A source close to the company recently said the firm believes that it would be best if negotiations were resumed from where they were left off in Trinidad rather than await the outcome of the case in the US which was initiated by Atlantic Tele Network (ATN), parent company of the Guyana Telephone & Telegraph Company Limited (GT&T). ATN is seeking to block a US$18M loan from the Inter-American Development Bank for an information and communications technology project for Guyana which will modernise the way government services are accessed and allow for internet use across the country.

The attempted block came on the heels of the government and the company negotiating a break in its monopoly and the immediate release of data transmission from the monopoly.

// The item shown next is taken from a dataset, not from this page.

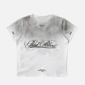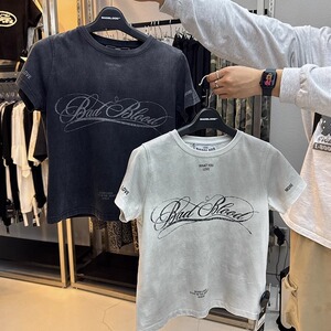 韓国のブラッドブラッドbcacシリーズのスリムプリント半袖tシャツの女性のアメリカ式の水洗いは古い大衆の上着の潮を作ります。

Hinds said that by going to court in the US, ATN pre-empted the process and he said he is not sure how much of the statements recently attributed to GT&T sources that President Jagdeo scuttled the positions adopted by the government negotiating team is a good representation of what took place. He said significant policy positions for the country have to go to Cabinet and the President for approval.

What a GT&T source has claimed is that while that company's negotiating team was reporting directly to its chairman Cornelius Prior, the government team was reporting to Hinds. However, the source said that when the draft agreements reached were taken to the President, he was unhappy with the positions adopted and refused to sanction them. Hence the delay in the signing of the memorandum of understanding on agreements reached between the two sides and ATN losing faith in the process.

Stabroek News was told that among the concessions made by the government team during the talks were to recognise the monopoly of the firm; to allow it a monopoly on internet services; to give it complete control over wireless data communication; to allow for an increase in local rates to the tune of $20 per call to compensate for losses on international traffic and for the advisory fees to be reduced from six per cent to three per cent over a three to six year period. Sources indicated that the President was uncomfortable with these concessions.

As to the government's position on the court case, Hinds said that the matter is still being reviewed by the government's legal advisers including Foley and Hoag in the US.

US Judge Thomas Jackson has given ATN 60 days to enjoin the government as a defendant in its application to block the loan project for Guyana on grounds that it impinges on its monopoly rights and amounted to expropriation of its property.